Please find this post at: https://clairekampdush.com/2014/11/04/why-i-believe-in-family-science/
Today I am publishing the first publicly available ranking of Human Development and Family Science programs in North America, at least the first ranking that I am familiar with. Why did I go to the trouble of creating this ranking? Because I believe in human development, and in particular, family science, and you should too.
When I first got my job at Ohio State, I did not like the name of our department. Human Development and Family Science? My degrees from Illinois and Penn State were both in Human Development and Family Studies. In all honesty, I thought family science was some kind of strange term for scholars that studied families, but were not rigorous researchers. What came to mind were cross-sectional, community-based studies, where the major topic of interest was some abstract concept associated with some other abstract concept. At the point I was hired, I had just gotten done working with an economist for two years, so my use of the term endogenous was at an all time high, as was my dismissal of scholarship that I put in the “family science” category. Sometimes I would talk about my program as “family studies” because I was embarrassed of the term.

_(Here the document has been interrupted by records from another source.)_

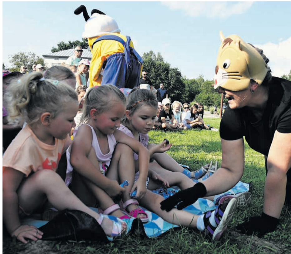
Takich bajkowych postaci było w Mokrzykach znacznie więcej.
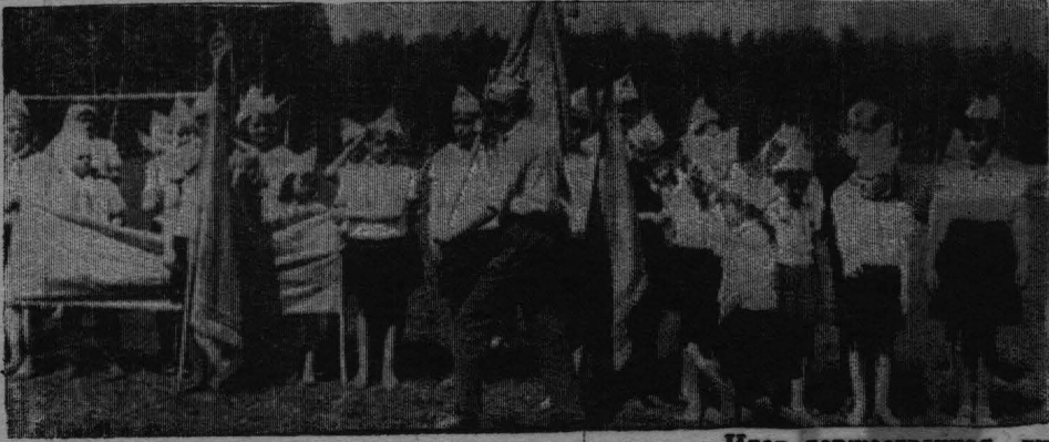
Идет торжественная линейка.
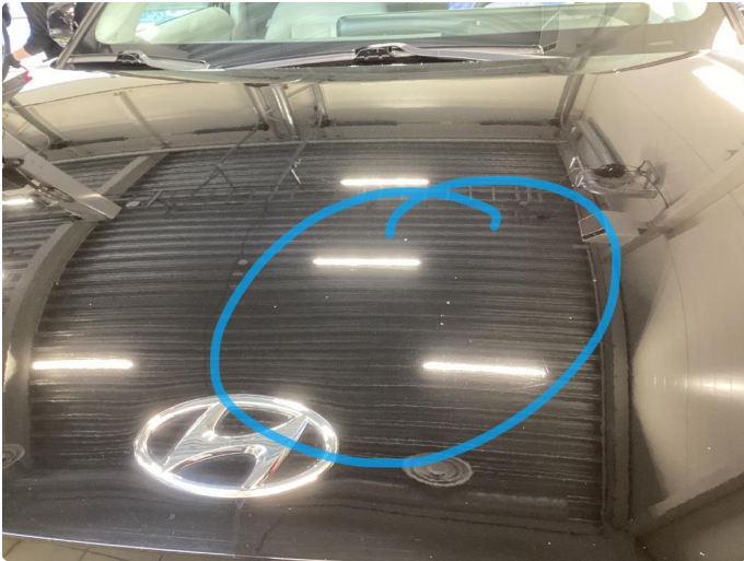
1.1 Mye stensprut
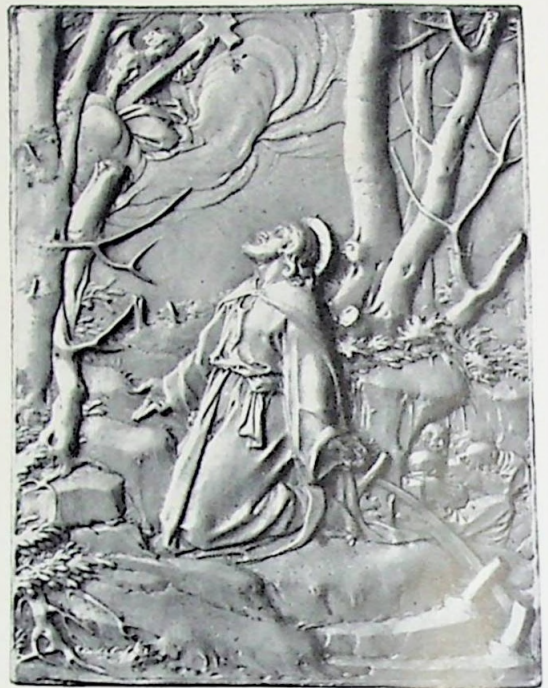
B Jezus in den tuin van Gethsemané.
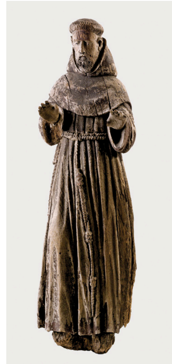
Nový příspěvek do historické sbírky muzea – dřevěná socha svatého Františka z Assisi, vysoká 90 cm, se zbytky polychromie

V roce 2011 bylo v rámci oddělení ISO digitalizováno celkem 578 kusů sbírkových předmětů, čítajících celkem 726 záběrů. Dále probíhala fotodokumentace sbírek a nálezů MVČ v HK, především pro potřeby nové expozice v Muzeu války 1866 na Chlumu. V roce 2011 bylo pořízeno celkem 1 788 záběrů, které byly zpracovány do tiskové podoby. V rámci skenování byly pořizovány digitální skeny diapozitivů, papírových předmětů, plánů, sbírkových fotografií v souvislosti s činností muzea. Bylo pořízeno a do tiskové podoby připraveno celkem 484 skenů. Oddělení zajistilo fotodokumentaci všech vernisáží, výstav a dalších muzejních akcí. V roce 2011 se oddělení ISO výrazně podílelo na grafickém zpracování řady publikací a propagačních materiálů instituce. Od roku 2011 zajišťuje řadu prací souvisejících s provozem webových stránek (úpravy, aktualizace, optimalizace apod.). Dále zajišťuje bezproblémový chod „sbírkového“ serveru (databáze obrazové dokumentace ISO), instalace a úpravy počítačových programů.
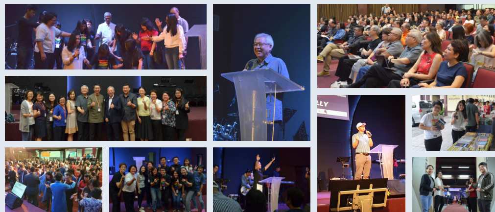
Come Out & Come Home 研讨会
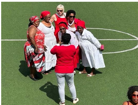
Dress code rood wit

Op 1 december is het Wereld Aids dag, iets waar bij Yabonga altijd aandacht aan wordt besteed. Zo ook deze vrijdag, waarbij er diverse speeches gehouden werden, onder andere door ervaringsdeskundigen. Opvallend zijn de sterke Afrikaanse vrouwen die de boel bij elkaar houden, ondanks de enorme uitdagingen waar ze voor staan, zoals discriminatie als ze HIV/Aids hebben. (Ik denk dan wel eens aan de uitspraak: mannen voeren oorlog, maar de vrouwen winnen). Drie kaarsen werden tijdens de herdenking gebrand, waarvan één voor de vele overledenen.
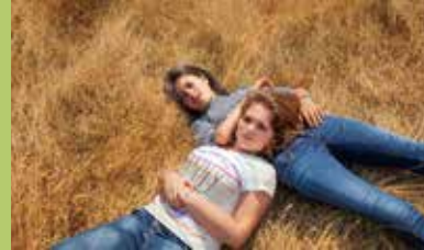
Adolescentes de Sébastien Lifshitz
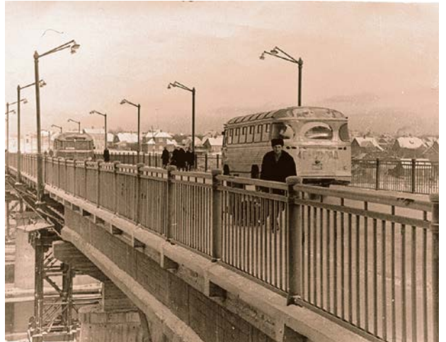
Tilts pār Daugavu. 20. gs. 60. gadi.

Tilts gājējiem bija pieejams jau 1962. gada 7. novembrī, bet decembra mēnesī arī autotransportam.
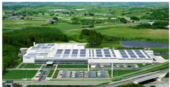
福島矢吹工場の全景。工場屋根と右奥の敷地に敷き詰められた太陽光パネルの様子がよくわかる
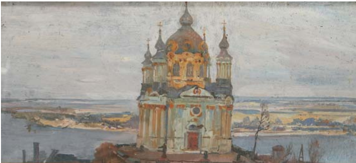
Ф. Коновалюк. Андріївська церква. 1940 р.

На одрі вже – наготові, а ще молодшає у слові та ще привіт у вічність шле Шевченку й Коновалюкові; і церкві тій, Андріївській, космічній в році сороковім.
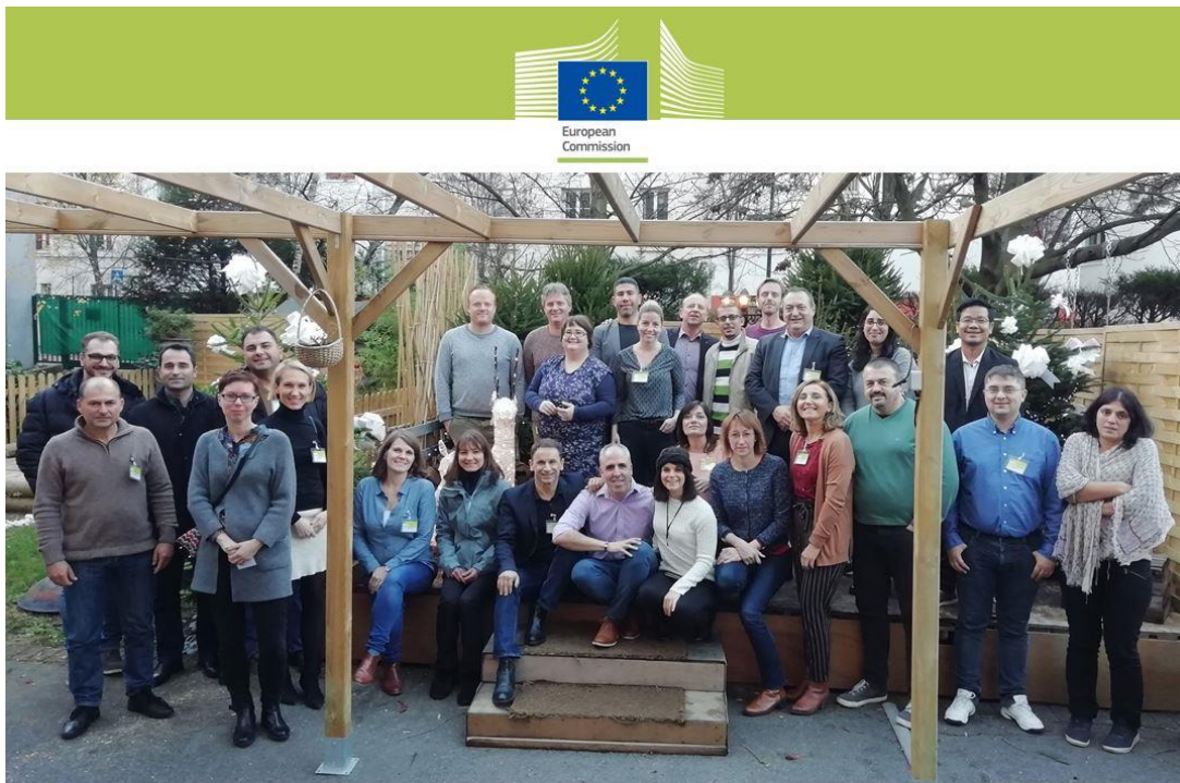
BTSF on the HACCP Principles Developed by Food Business Operators Session 6 – Paris, France, 10 – 14 December 2018

6 BTSF en cours (Feed, HACCP, PIF, World aquaculture, microbiologie, ESB et EBP) ont donné lieu à Ces BTSF ont donné lieu à 24 missions de formation des experts FVI dans plusieurs pays : Lituanie, Portugal, République Tchèque, Hongrie, ou encore Vietnam pour le BTSF World.
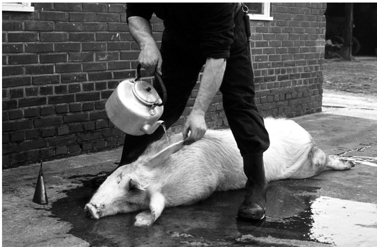
Het varken werd met heet water "gebroid".

Het te slachten varken moest de dag van te voren vasten. Door de slachter werd het dier met een schietmasker bewusteloos gemaakt. Daarna werd er een snee in de halsslagader toegebracht, terwijl het bloed in een emmer of teil met wat koud water werd opgevangen onder voortdurend kloppen. Het werd ook later nog enige tijd geklopt om stolling te voorkomen. Voordat er "bloodkooke" van werd gemaakt moest het bloed eerst gezeefd worden.
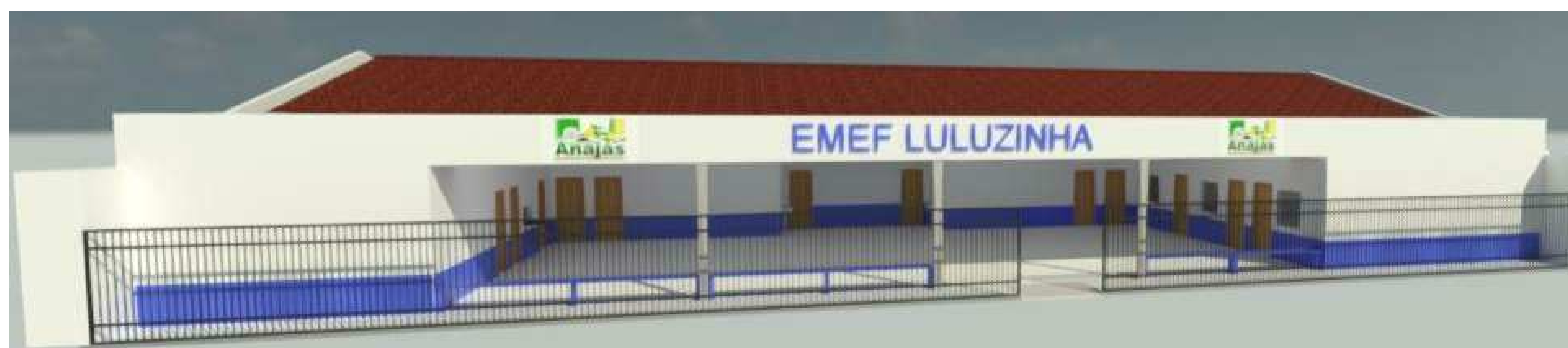
② VISTA FROTA 1 : 1

Over time, however, the term family science has grown on me. Family science used to seem like this exclusive term, whereby you had to be in a particular club, or get your PhD from a particular program, to be a “family scientist”. But, now that I have learned more about family science, I realize that it is actually an inclusive term. Actually, my article using econometrics to examine the mental health consequences of cohabitation vs. marital dissolution is family science. And so is my article looking at how playing with a “fake baby” determines your co-parenting after the real baby is on the scene. Family science is diverse, interesting, and includes a range of research topics related to the family, from family demography to family psychology, from qualitative to quantitative methods, from large, secondary datasets to small, community samples.